Well, it was almost that easy. I have yaml_generator serving quite a few purposes. I don’t want to spread this core code over different locations, so there’s quite a few parameters to control the behavior. The complexity of this sort of thing has to be held at bay. This is just about the upper limit.

def yaml_generator(full_path, reverse=False, drafts=False, clone=False):
    # __   __ _    __  __ _        ____                           _
    # \ \ / // \  |  \/  | |      / ___| ___ _ __   ___ _ __ __ _| |_ ___  _ __
    #  \ V // _ \ | |\/| | |     | |  _ / _ \ '_ \ / _ \ '__/ _` | __/ _ \| '__|
    #   | |/ ___ \| |  | | |___  | |_| |  __/ | | |  __/ | | (_| | || (_) | |
    #   |_/_/   \_\_|  |_|_____|  \____|\___|_| |_|\___|_|  \__,_|\__\___/|_|
    """Yields a stream of 3-tuples (YAML, post, original) from YAMLesque file.
    If there's no YAML, the yielded tuple will be (None, original, original)"""
    with open(full_path, "r") as fh:
        posts = CHOP.split(fh.read())
        if reverse:
            posts.reverse()  # Reverse so article indexes don't change.
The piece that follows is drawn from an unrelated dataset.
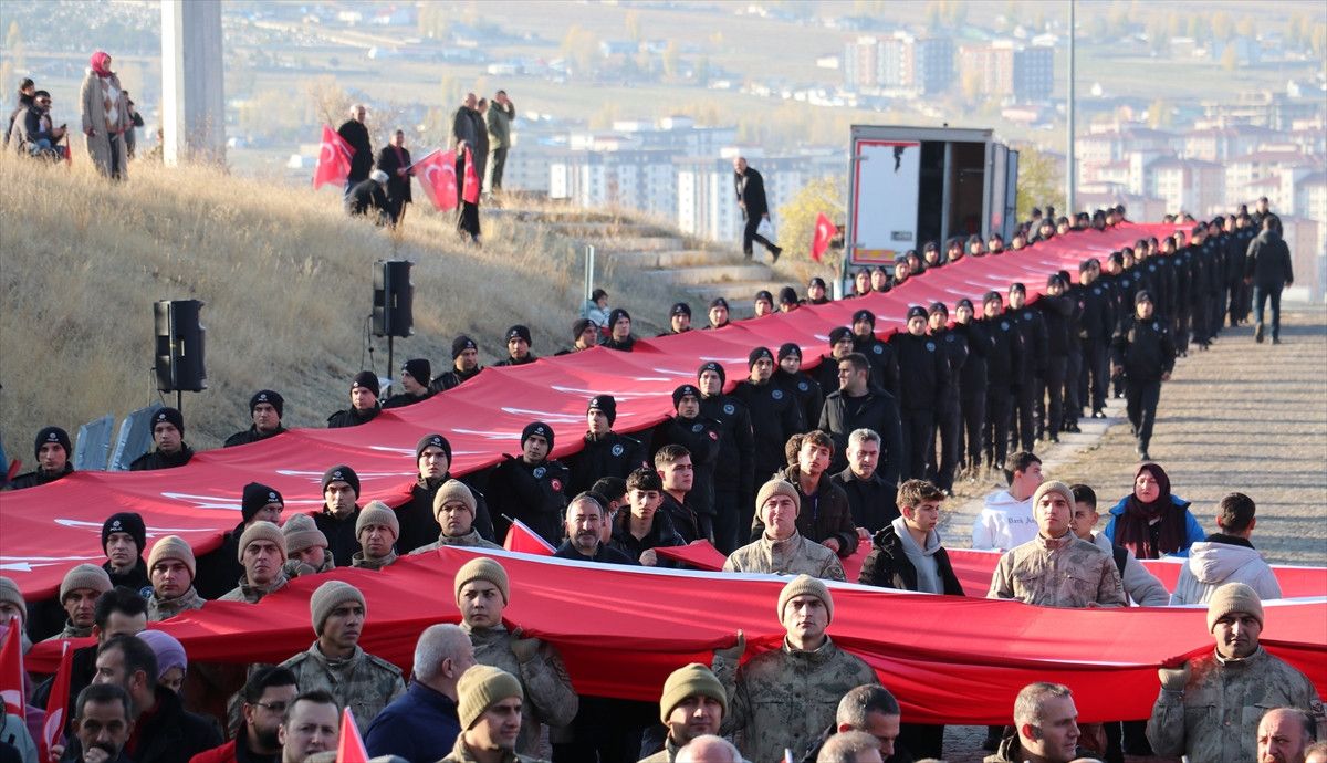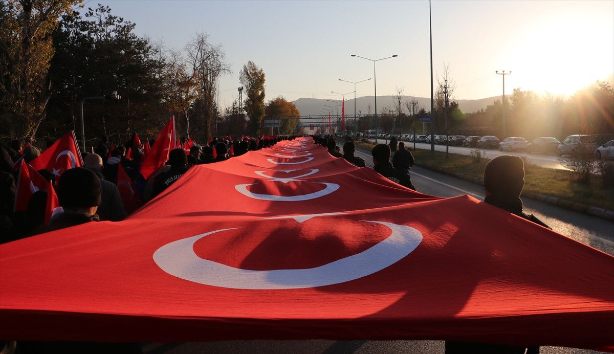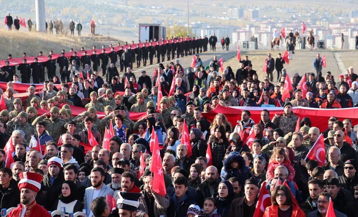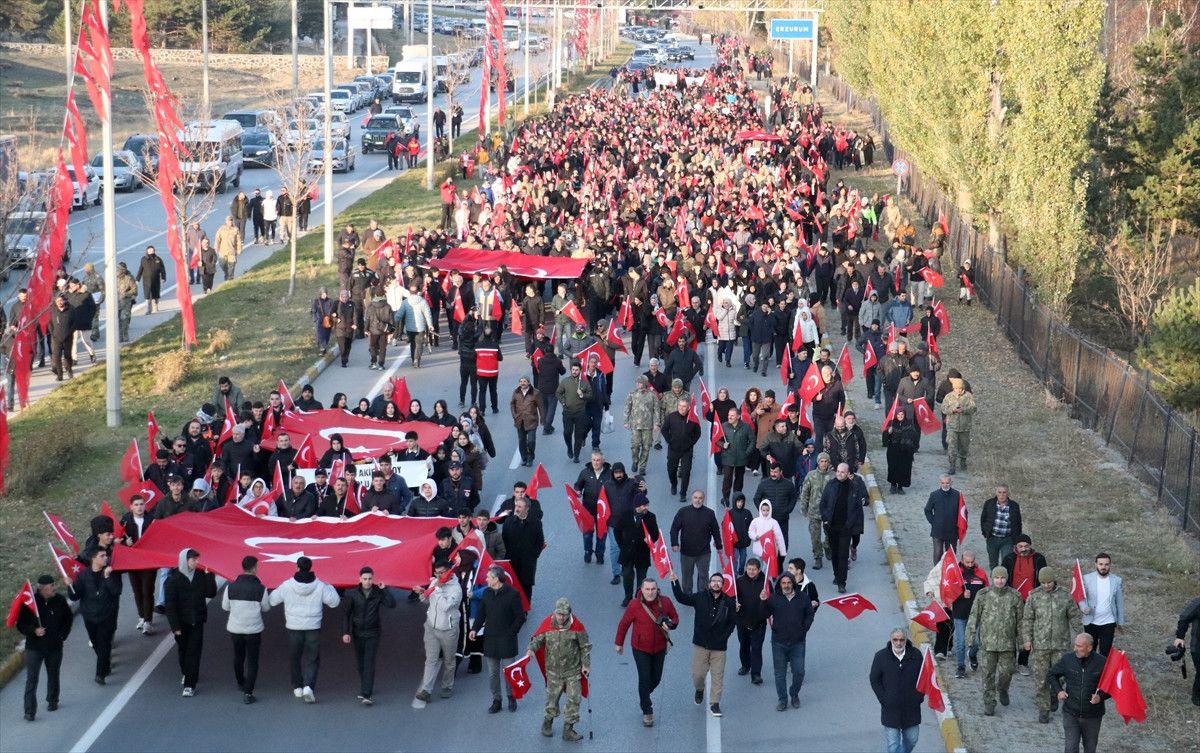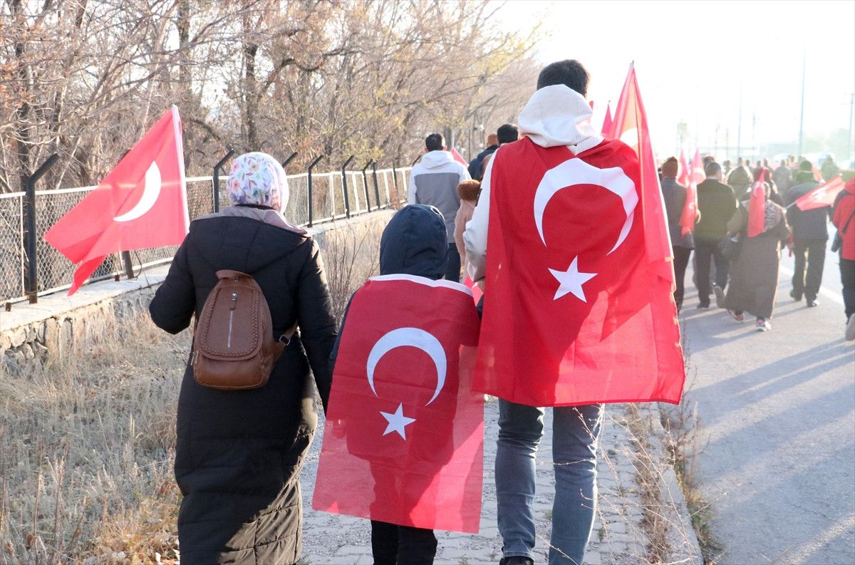 Çocuk ve yaşlıların da aralarında bulunduğu kalabalık, daha sonra sabahın erken saatlerinde soğuk havaya rağmen ellerindeki Türk bayraklarıyla Aziziye Tabyalarına yürüdü.

        for i, post in enumerate(posts):
            rv = None, post, post  # Always rebuild source at very least.
            py, yaml_str, body = None, "", ""
            if "---" in post:
                yaml_str, body = post.split("---", 1)
                try:
                    py = yaml.load(yaml_str, Loader=yaml.FullLoader)
                    rv = py, body, post
                except yaml.YAMLError:
                    # Deliberately passing silently to prevent attempts
                    # to create pages where there is no page to create.
                    ...
            if clone:
                # If we're cloning, we want to yield everything.
                yield rv
            elif py and "published" in py and py["published"] == False and drafts:
                # It's a draft and we're rendering drafts.
                yield rv
            elif py and "published" in py and py["published"] == False:
                # It's a draft and we're not rendering drafts.
                # so skip it.
                continue
            elif not drafts:
                # The general default.